What is being asked —
In the listing below, locate the line that contains "This learning object" and the line that contains "Taxila, (2nd-1st Century". Restate word for word those two lines and every line between them, and nothing else.

Extracted entries —

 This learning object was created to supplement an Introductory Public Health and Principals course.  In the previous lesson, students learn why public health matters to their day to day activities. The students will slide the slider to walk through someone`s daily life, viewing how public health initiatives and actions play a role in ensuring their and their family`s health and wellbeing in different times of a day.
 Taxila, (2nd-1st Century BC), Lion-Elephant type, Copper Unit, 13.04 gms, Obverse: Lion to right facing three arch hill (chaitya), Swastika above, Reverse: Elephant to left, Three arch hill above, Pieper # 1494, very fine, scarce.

---

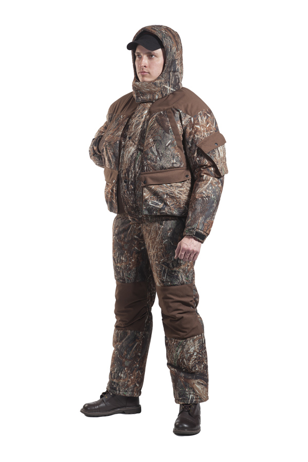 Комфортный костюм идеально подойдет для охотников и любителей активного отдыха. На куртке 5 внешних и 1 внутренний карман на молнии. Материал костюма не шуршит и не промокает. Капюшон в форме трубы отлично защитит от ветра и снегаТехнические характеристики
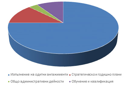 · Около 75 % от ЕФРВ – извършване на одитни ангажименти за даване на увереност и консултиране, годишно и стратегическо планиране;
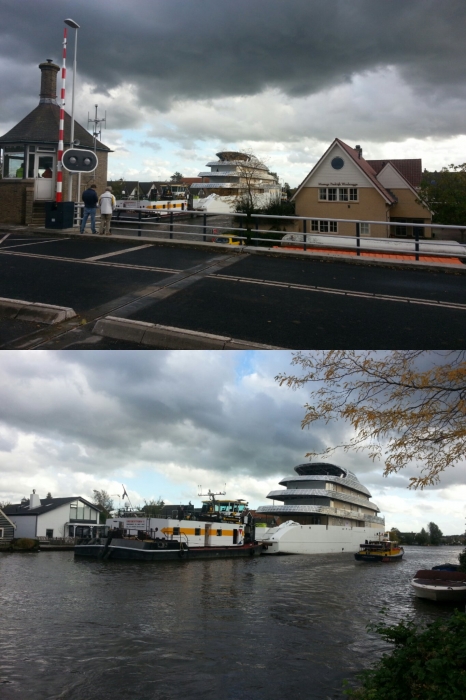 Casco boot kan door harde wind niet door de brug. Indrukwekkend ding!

Problem solution —
 This learning object was created to supplement an Introductory Public Health and Principals course.  In the previous lesson, students learn why public health matters to their day to day activities. The students will slide the slider to walk through someone`s daily life, viewing how public health initiatives and actions play a role in ensuring their and their family`s health and wellbeing in different times of a day.
 Taxila, (2nd-1st Century BC), Lion-Elephant type, Copper Unit, 13.04 gms, Obverse: Lion to right facing three arch hill (chaitya), Swastika above, Reverse: Elephant to left, Three arch hill above, Pieper # 1494, very fine, scarce.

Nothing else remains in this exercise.